Authorisation Number: 1051192184821

Date of advice: 16 February 2017

Ruling

Subject: Capital gains tax - deceased estate -discretion to extend the two year period

Question

Will the Commissioner exercise his discretion under subsection 118-195(1) of the Income Tax Assessment Act 1997 (ITAA 1997) and allow an extension of time to the two year period?

Answer

Yes.

This ruling applies for the following period

Year ended 30 June 2017.

The scheme commences on

1 July 2016.

Relevant facts and circumstances

The deceased purchased a main residence (the dwelling) prior to 1985 and resided there up until their death in 201X.

No substantial capital improvements were made to the dwelling.

The dwelling has not been used to produce assessable income.

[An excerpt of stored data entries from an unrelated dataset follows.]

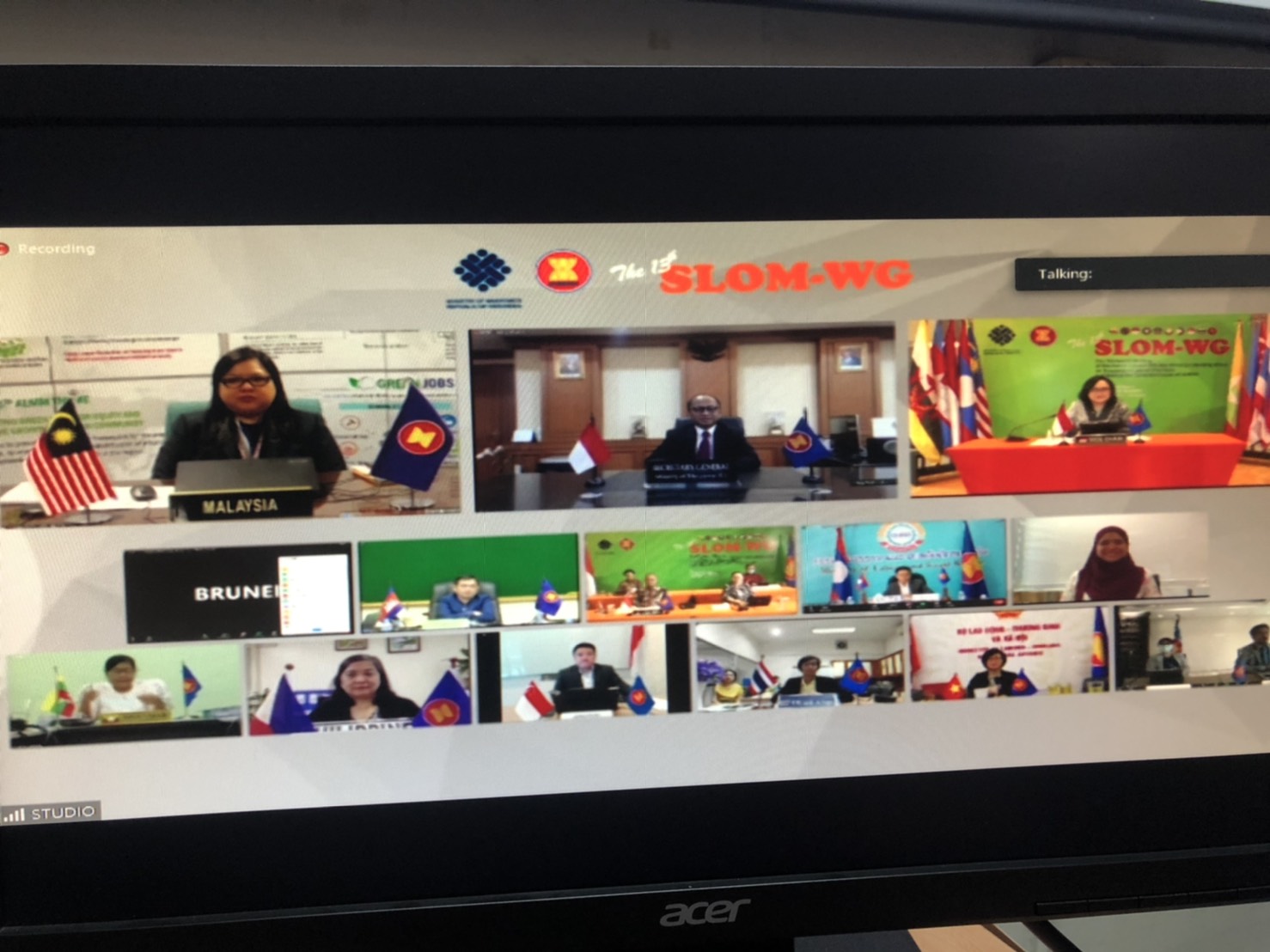 On October 13, 2020, at 09.00 hours, Permanent Secretary of Labour Mr. Suthi Sukosol assigned Assistant to the Permanent Secretary of Labour, Ms. Pattraporn Samatrat to attend the 13th SLOM-WG meeting through video conference. The meeting acknowledged the progress of the project implementation under the SLOM-WG plan for 2016-2020. It consists of the Ministry of Labour’s important projects, such as the 8th Academic Conference on Labour Inspection and research studies on the extension of social security to informal workers. The meeting also acknowledged the results of other important meetings on labor-related issues, such as the establishment of the ASEAN restoration guidelines after the Covid-19 pandemic and the preparation of the new SLOM-WG program 2016-2020. The meeting took place at the Office of International Cooperation meeting room, 12th floor, Ministry of Labour.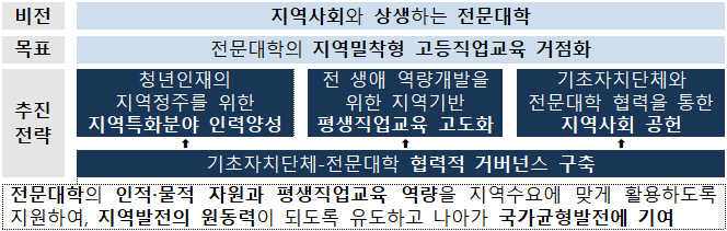 「고등직업교육거점지구 사업 기본계획」은 전문대학이 기초자치단체와 협력하여 지역 중장기 발전목표에 부합하는 지역특화분야* 인재양성, 지역 내 평생직업교육기능 강화 등을 수행하도록 지원하기 위한 것이다.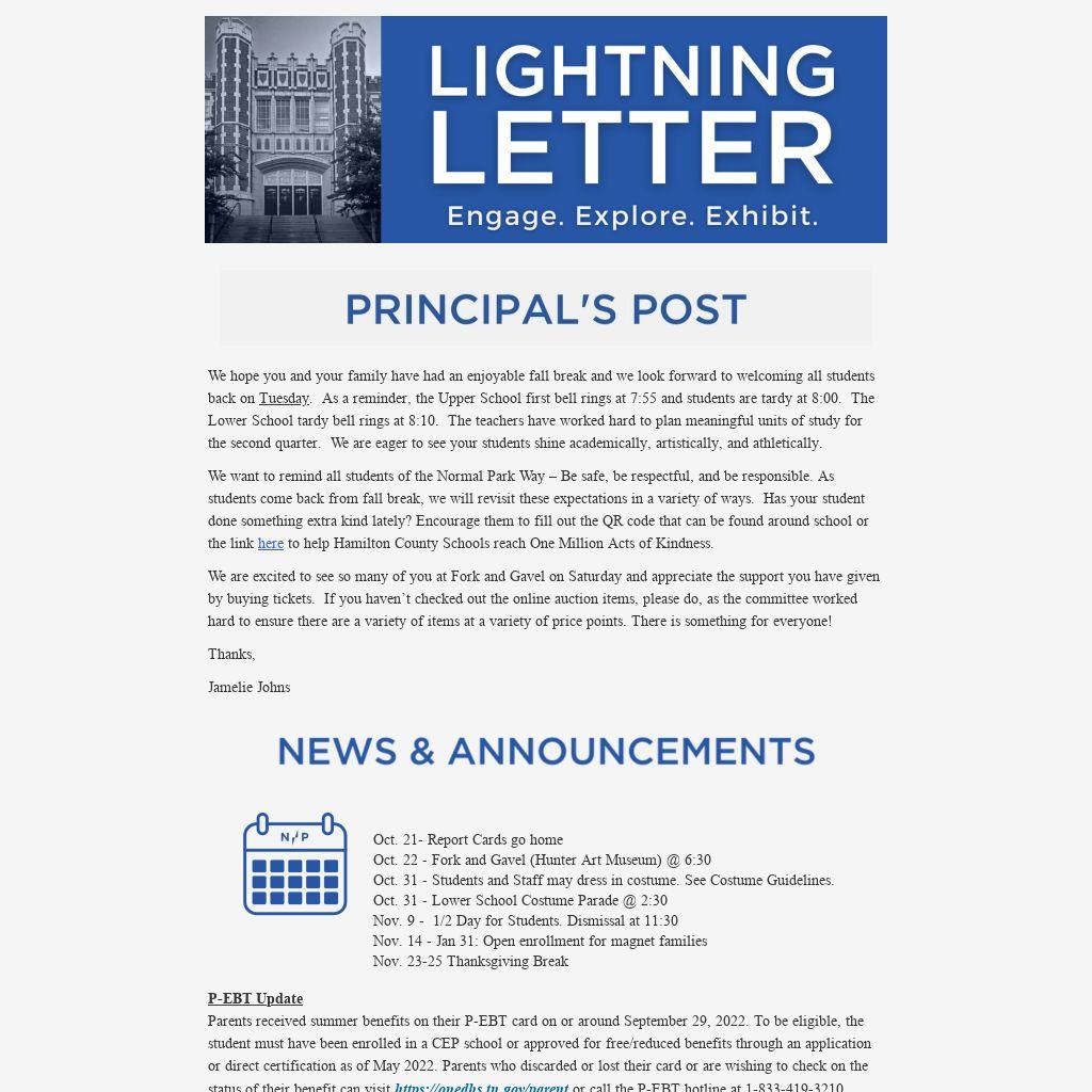 We hope you and your family have had an enjoyable fall break and we look forward to welcoming all students back on Tuesday. As a reminder, the Upper School first bell rings at 7:55 and students are tardy at 8:00. The Lower School tardy bell rings at 8:10. The teachers have worked hard to plan meaningful units of study for the second quarter. We are eager to see your students shine academically, artistically, and athletically.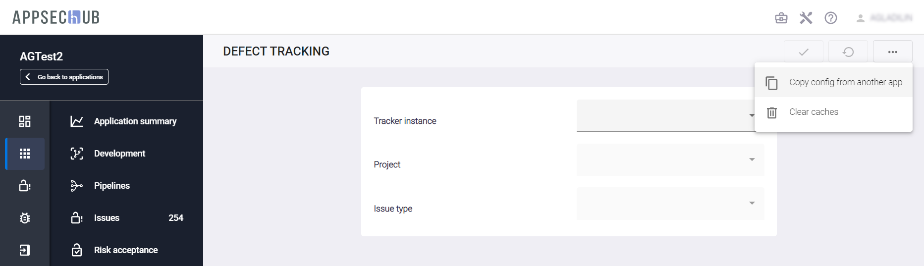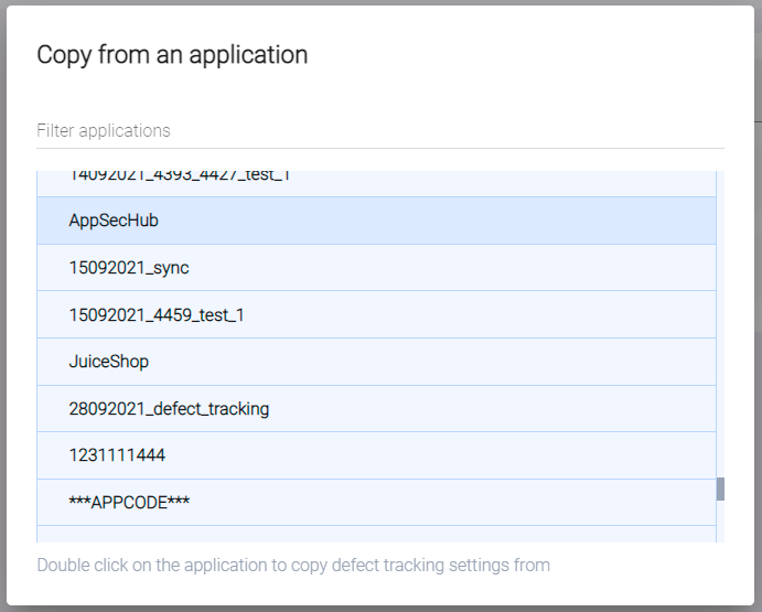 В системе существует возможность просто скопировать все настройки отслеживания дефектов в AppSec.Hub из другого приложения. Для этого на появившейся странице Defect Tracking нажмите кнопку Actions в правом верхнем углу, выберите пункт выпадающего меню Copy config from another app и выберите из выпадающего списка приложение, из которого будут скопированы настройки.

The deceased's child A resided in the dwelling prior to the deceased's death and continued to reside there until the property was sold.

The deceased's child B is the executor of the deceased's estate.

Child A has a life threatening condition that has required extensive treatment and surgery since the date of the deceased's death and they have not been well enough to source alternative accommodation.

On two occasions contracts for sale of the dwelling failed to proceed as the purchasers were unable to obtain finance.

The dwelling was sold two years, three months after the deceased's death.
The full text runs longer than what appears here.